> TASK OBJECTIVE: Omit pictures and quote the listing below line by line, from its start through the line that holds "布団カバー フリル ベッドカバー".

> INPUT FOR THIS TASK:
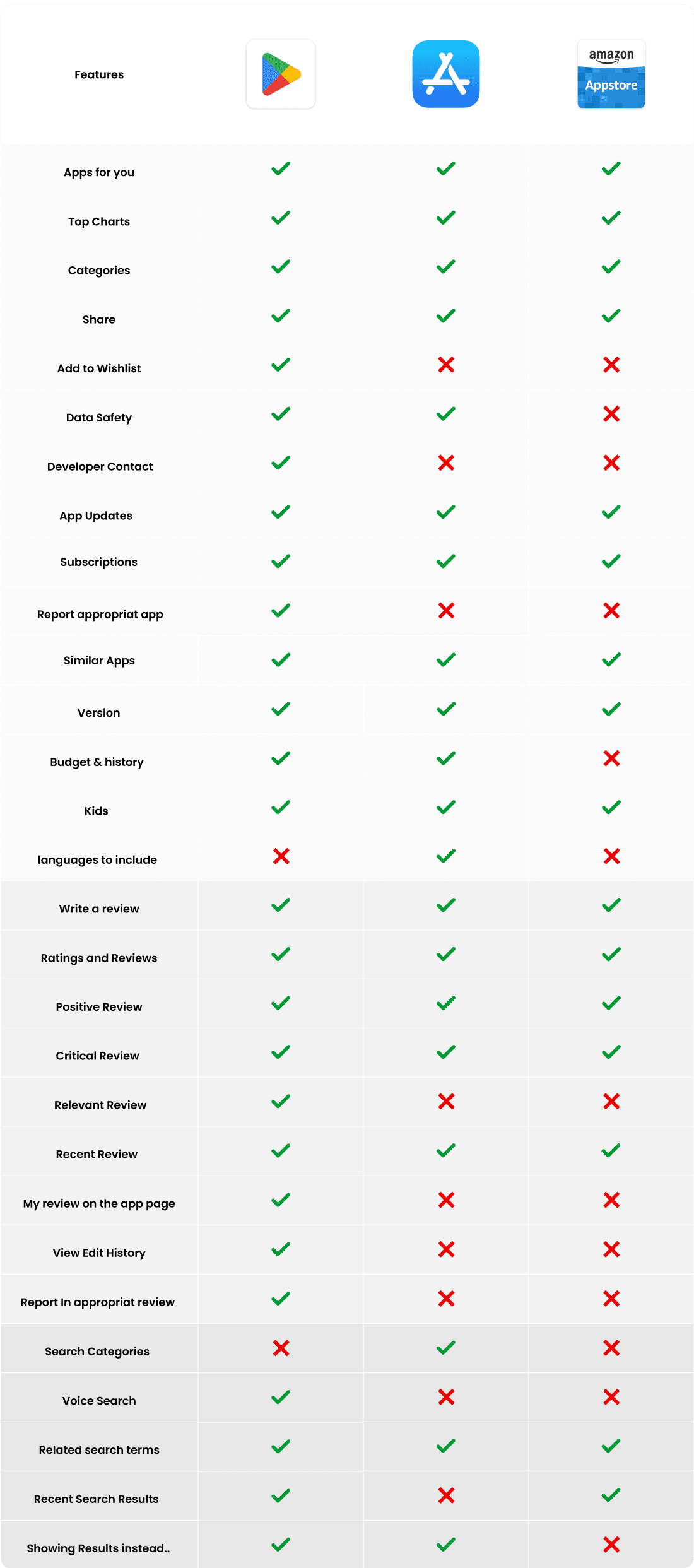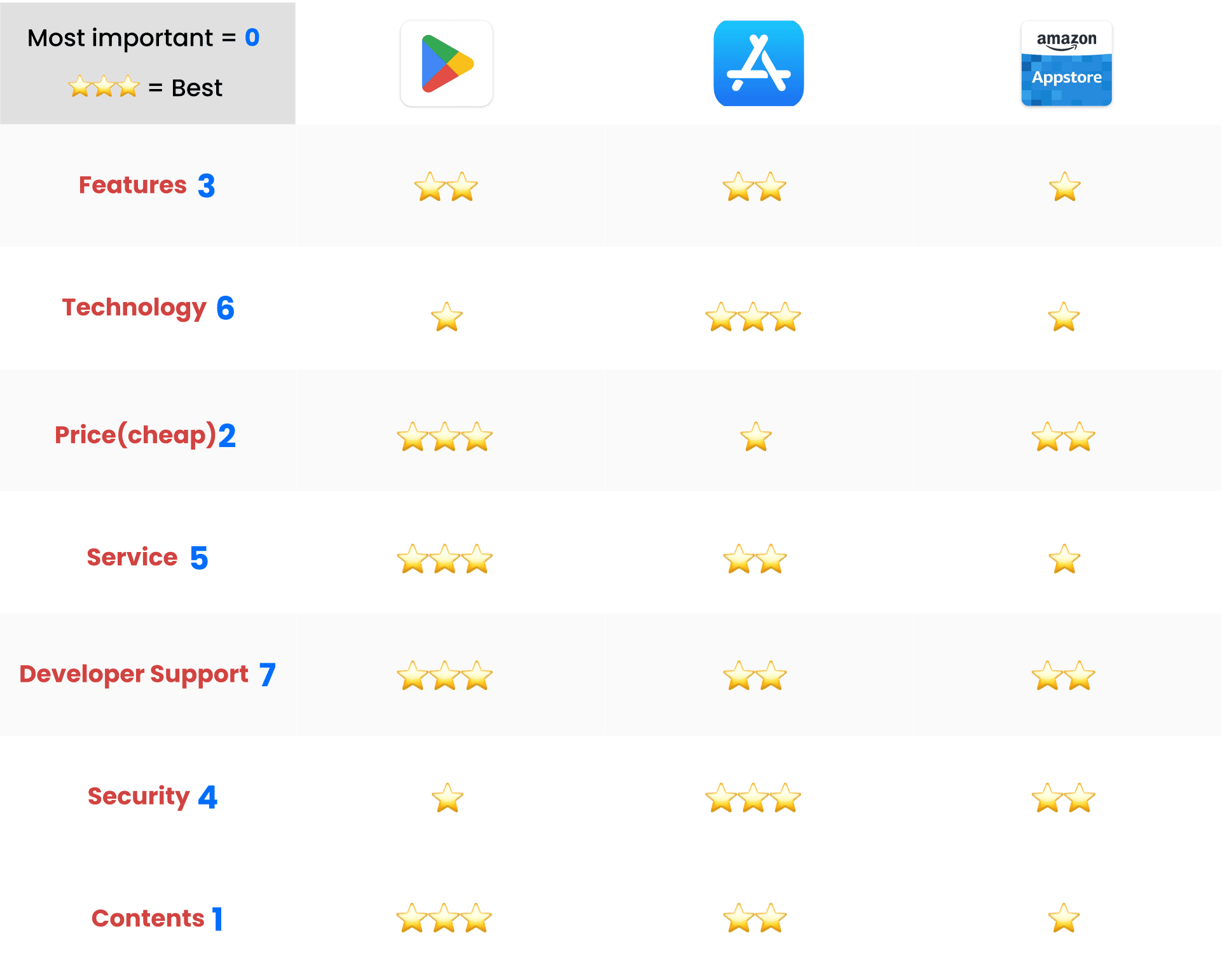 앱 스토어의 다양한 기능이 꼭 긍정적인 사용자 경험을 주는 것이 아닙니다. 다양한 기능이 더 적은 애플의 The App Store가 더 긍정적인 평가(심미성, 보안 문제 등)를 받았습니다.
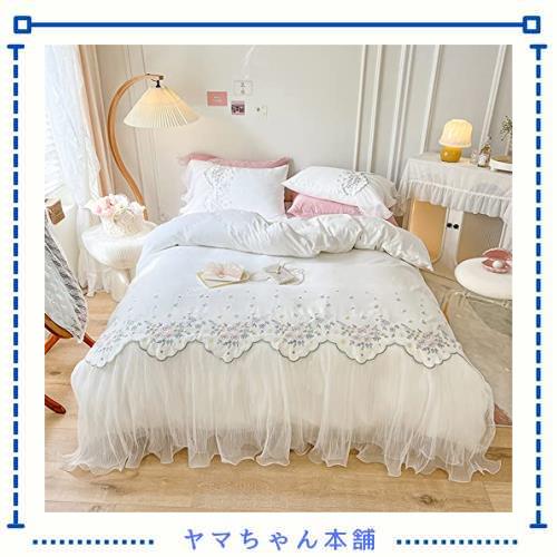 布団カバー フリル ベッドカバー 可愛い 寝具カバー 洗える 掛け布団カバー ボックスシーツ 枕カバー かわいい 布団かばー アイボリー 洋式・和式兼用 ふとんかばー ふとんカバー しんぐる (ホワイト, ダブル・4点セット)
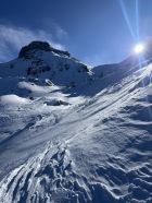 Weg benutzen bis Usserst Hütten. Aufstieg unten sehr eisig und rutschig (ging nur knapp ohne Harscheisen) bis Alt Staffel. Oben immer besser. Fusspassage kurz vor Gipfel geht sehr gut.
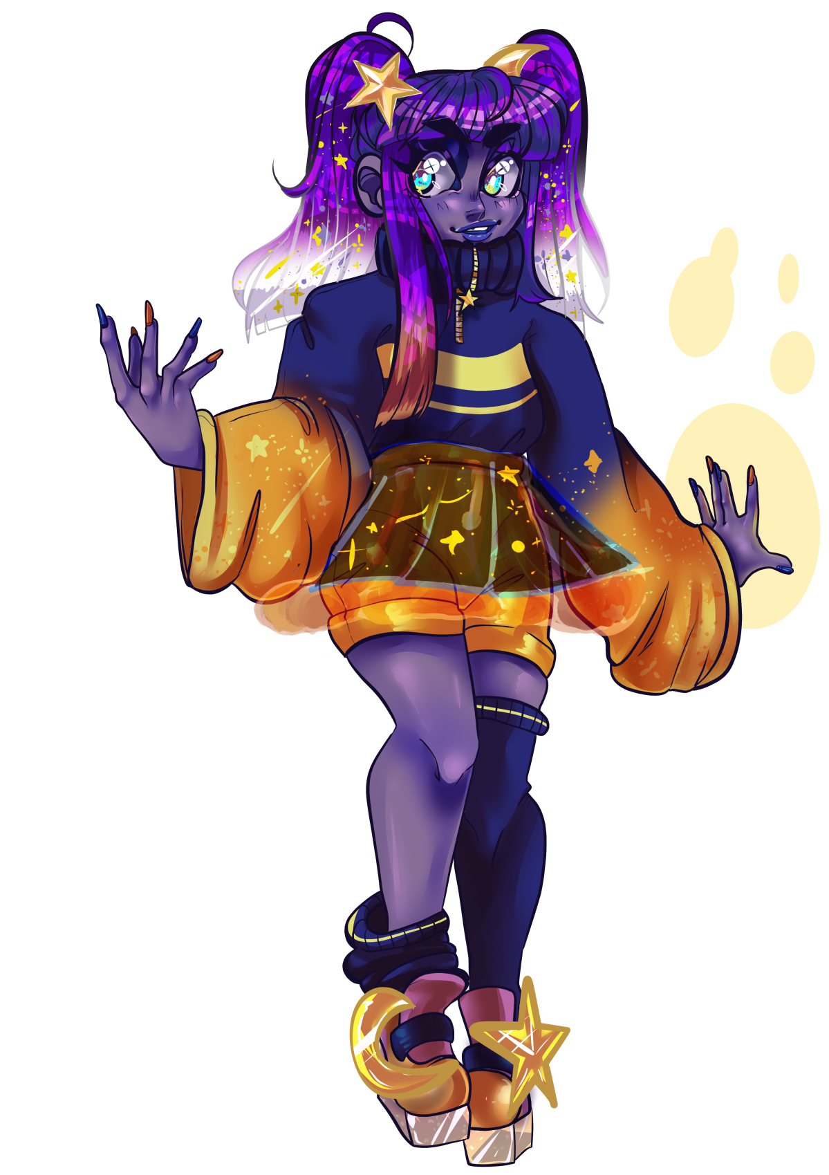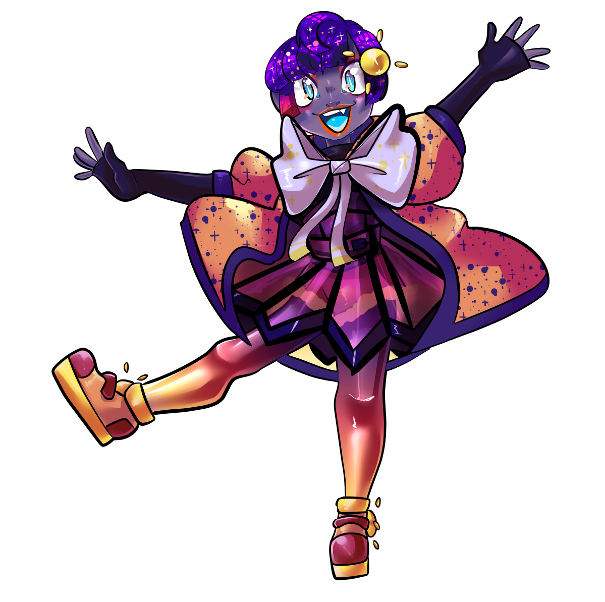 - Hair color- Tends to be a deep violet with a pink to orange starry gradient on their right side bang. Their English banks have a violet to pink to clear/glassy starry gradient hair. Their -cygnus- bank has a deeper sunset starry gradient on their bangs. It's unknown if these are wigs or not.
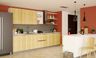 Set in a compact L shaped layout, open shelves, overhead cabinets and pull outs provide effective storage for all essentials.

> ANSWER TO THIS EXERCISE:
 앱 스토어의 다양한 기능이 꼭 긍정적인 사용자 경험을 주는 것이 아닙니다. 다양한 기능이 더 적은 애플의 The App Store가 더 긍정적인 평가(심미성, 보안 문제 등)를 받았습니다.
 布団カバー フリル ベッドカバー 可愛い 寝具カバー 洗える 掛け布団カバー ボックスシーツ 枕カバー かわいい 布団かばー アイボリー 洋式・和式兼用 ふとんかばー ふとんカバー しんぐる (ホワイト, ダブル・4点セット)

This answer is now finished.